In 1968, the Space Age was in its ascendancy, filled with opportunity and promise. Certainly, the engineers and scientists of the day did not expect all of their lofty goals to be completed by the early 1970s, if indeed ever; but, paraphrasing a 1967 Popular Mechanics article, the foundations for all these things — a lunar research laboratory and astronomical observatory, a space station for servicing and maintaining satellites — existed by the late 1960s and they were expected to have been well under way by the end of 1972. So what went wrong?

A major fallacy of that era's vision is that it assumed that space travel, artificial intelligence and other great innovations of the day — prodded along by the need to beat the Soviets in the race to the moon — would continue to develop at a breakneck pace.
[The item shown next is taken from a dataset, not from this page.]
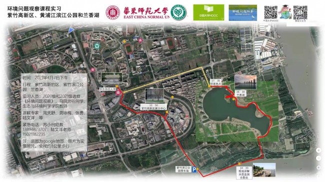 2021年4月7日,私密直播 2019级、2020级共50余名本科生,由私密直播 张勇老师、周天舒老师、陆文洋老师及5名助教带队,参加了“紫竹高科技园区、紫竹滨江公园及兰香湖参观”《环境问题观察》校外实践活动,马克思主义学院龚咏梅副院长和10多名教育学部本科生、马克思主义学院研究生全程参加了这次实践实习。这次实践活动的主要内容是了解紫竹高科技园区情况,了解有关黄浦江和兰香湖的水文水资源和生态环境知识,课程结束后获得了同学们的一致好评。

Literature from that era supports this belief. By the mid-1960s, we had already launched weather, navigation and communications satellites into space. Popular Mechanics in February 1967 predicted that by 1972 we would have a radio telescope on the moon and an Earth-orbiting, self-sustaining space station. In June of 1968, Popular Science went so far as to say that "things would be more fantastic than [2001: A Space Odyssey] shows. Today's scientists may be overconservative in their predictions and overpessimistic about what we can accomplish" by 2001.

Some of the events that have refocused our technological goals since the idealized visions of the 1960s are the Apollo 13 and Challenger disasters, Vietnam, the end of the Cold War, and the development of information technology such as the Internet. As a result, we have not yet colonized the moon; the International Space Station is cramped and uncomfortable, and no hint of extraterrestial intelligence has yet been found — unless we count the mysterious microscopic formations inside the Martian rocks examined by Pathfinder in 1997.

The possibilities of manned space travel may have been strongly hinted at both in the movie and by the 1969 moon landing, but in our 2001, the focus is clearly on unmanned space exploration. Recent interplanetary missions such as Galileo (Jupiter), Cassini (Saturn), the Lunar Prospector and the Mars Pathfinder, consist of compact spacecraft specializing in precise and delicate tasks such as analyzing rock and atmospheric samples. These projects are both economically feasible and expendable, with their minimilistic, onboard electronic attributes focused entirely on sending digital information back to Earth. While no unmanned probe could ever have the romantic and emotional effect that the moon landing had, creating an environment for interplanetary human travel is both staggeringly expensive and scientifically unnecessary.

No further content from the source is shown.